Check for GFNI instruction support (Intel processors):

rustc --print cfg -C target-cpu=native | grep gfni

MCP LSP Server Integration

To enable rust-analyzer integration with Claude Code via MCP:

  1. Install the MCP Language Server:
# Install from https://github.com/isaacphi/mcp-language-server
  1. Configure Claude Code to use rust-analyzer:
claude mcp add-json rust-analyzer '{
  "command": "mcp-language-server",
  "args": [
    "--workspace",
    "/path/to/monbijou",
    "--lsp",
    "rust-analyzer"
  ]
}'

Replace /path/to/monbijou with your local repository path.

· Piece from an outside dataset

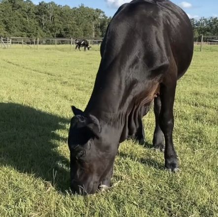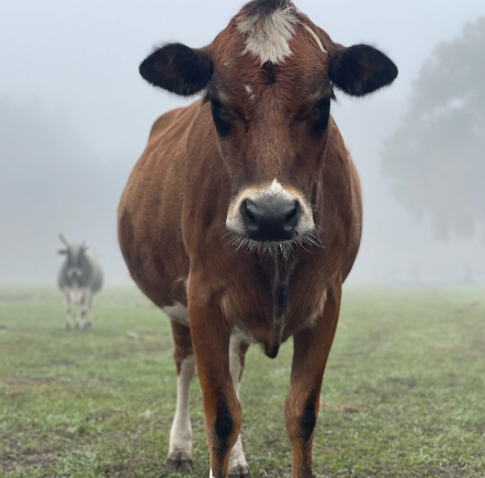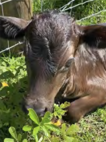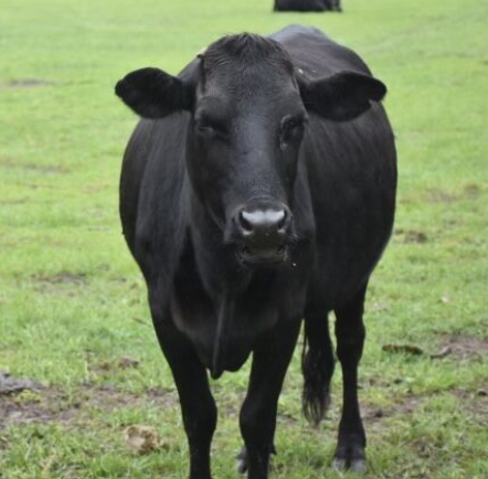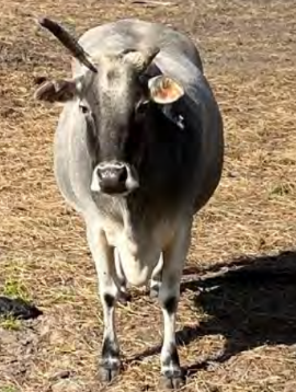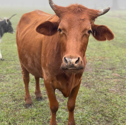 Claire is the herd leader (matriarch) and can often be seen lurking in the back of the herd, watching over everyone, making sure no funny business is about. She isn’t a fan of being pet, but she might come up for cow cookies. She is more than likely a Brangus cow, but more Brangman than Angus.

This enables Claude Code to communicate with rust-analyzer for enhanced Rust code intelligence.

Architecture Overview

Monbijou is a zero-knowledge proof system that proves an input vector satisfies a constraint system without revealing private inputs.

Protocol Overview

This codebase implements Binius64, a simplified SNARK protocol that leverages binary field arithmetic to efficiently prove computations on 64-bit words. The protocol is formally specified in ../writeups/binius64/main.tex.

Key aspects of Binius64:

  • Designed specifically for 64-bit word operations (not bit-level)
  • Uses a customizable constraint system inspired by SuperSpartan (not AIR tables like original Binius)
  • Achieves 64-fold reduction in constraint complexity compared to bit-level approaches
  • Native encoding of bitwise operations through shifted value indices
  • Targets modern 64-bit CPUs with SIMD instructions (especially ARM64 NEON)

Core Crates

  • binius-core: Core constraint system definitions and data structures
  • binius-field: Binary field arithmetic with platform-specific optimizations (x86_64, aarch64)
  • binius-frontend: Circuit construction API
    • circuits/: Pre-built circuits (SHA256, base64, equality)
    • compiler/: Constraint system generation
  • binius-math: Mathematical operations and polynomial utilities
  • binius-prover: Proof generation
  • binius-verifier: Proof verification
  • binius-transcript: Fiat-Shamir non-interactive proofs
  • binius-utils: Common utilities
  • binius-examples: Example implementations
  • binius-arith-bench: Arithmetic benchmarks

Constraint System

Binius64 uses an R1CS-like system with two constraint types over 64-bit words:

  1. AND constraints: A & B ^ C = 0
  2. MUL constraints: A * B = (HI << 64) | LO

Where A, B, C are operands (XOR combinations of shifted input values).

Shifted Value Indices

The key innovation is shifted value indices - a tuple (value_id, shift_op, shift_amount) where:

  • value_id: index of a 64-bit word in the witness
  • shift_op: one of sll (logical left), srl (logical right), sar (arithmetic right)
  • shift_amount: 0-63 bits

This allows constraints to directly express shifted operands without separate shift constraints. For example:

  • v0 XOR (v1 >> 5) represents value 0 XORed with value 1 shifted right by 5
  • Shifts and XORs within constraints are "free" (no additional gates)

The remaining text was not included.